Step e: preparation of intermediate 6-bromo-2, 3-tetrafluoro-1, 4-dihydroxy-1, 2,3, 4-tetrahydro-2 aH-cyclopenta [ cd ] inden-2 a-yl benzoate (11-5)
Intermediate 11-4 (354.0 mg,0.74 mmol) was dissolved in methanol (10.0 mL), cooled to 0deg.C, sodium borohydride (42.0 mg,1.11 mmol) was added, and stirred at 0deg.C for 3h. After completion of the TLC monitoring reaction, water was added, extraction was performed with ethyl acetate, washing with saturated brine, drying over anhydrous sodium sulfate, filtration, spin-drying, and column chromatography gave the product 11-5 (208.0 mg).
ESI-MS m/z:491[M-H+HCO 2 H] - ; 1 H NMR(500MHz,Acetonitrile-d 3 )δ8.03(1H),8.02(1H),7.71–7.67(1H),7.56–7.51(4H),5.96–5.90(2H),4.48(2H).
Step f: preparation of the intermediate cis-6-bromo-1, 2, 3-pentafluoro-4-hydroxy-1, 2,3, 4-tetrahydro-2 aH-cyclopenta [ cd ] inden-2 a-yl benzoate (11-6) and the intermediate trans-6-bromo-1, 2, 3-pentafluoro-4-hydroxy-1, 2,3, 4-tetrahydro-2 aH-cyclopenta [ cd ] inden-2 a-yl benzoate (11-7)

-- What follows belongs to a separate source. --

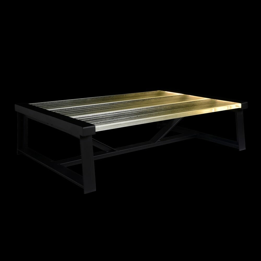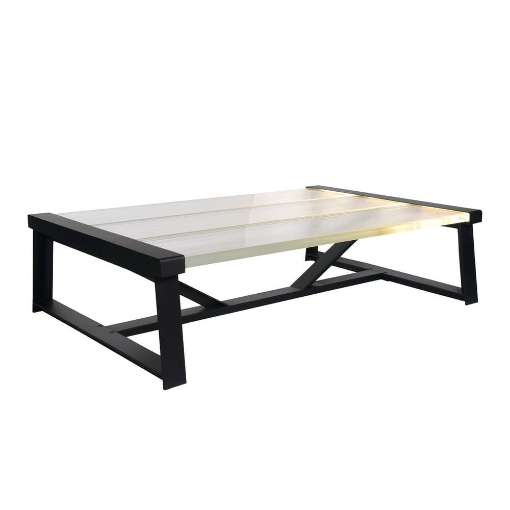 Glistening planks of ice float atop a rigid black steel frame in the Iceberg Glow coffee table. Each sleek, icy plank is crafted in clear glass with a subtle wave-like texture, illuminated at the edges to cast a soft and romantic glow. A contemporary, architectural piece that encapsulates the elemental power of nature, perfect for modern entertaining.

Intermediate 11-5 (137.0 g,0.31 mmol) was dissolved in anhydrous dichloromethane (5.0 mL), diethylaminosulfur trifluoride (499.7 mg,3.1 mmol) was added, and stirred at 40℃for 1.5h. After completion of the reaction by TLC, the reaction liquid was quenched into saturated sodium bicarbonate, extracted with ethyl acetate, washed with saturated brine, dried over anhydrous sodium sulfate, filtered, and dried by spin-drying, and the products 11-6 (30.0 mg) and 11-7 (15.0 mg) were isolated by preparative plate.
Step g: preparation of the intermediate trans-6-bromo-1, 2,3, 4-hexafluoro-1, 2,3, 4-tetrahydro-2 aH-cyclopenta [ cd ] inden-2 a-yl benzoate (11-8)
Intermediate 11-6 (30.0 mg,0.067 mmol) was dissolved in anhydrous dichloromethane (2.0 mL), diethylaminosulfur trifluoride (108.0 mg,0.67 mmol) was added, and the mixture was stirred at 80℃for 2h. After completion of the reaction by TLC, the reaction solution was quenched into saturated sodium bicarbonate, extracted with ethyl acetate, washed with saturated brine, dried over anhydrous sodium sulfate, filtered, and dried by spin-drying, and the product 11-8 (17.0 mg) was isolated by preparative plate.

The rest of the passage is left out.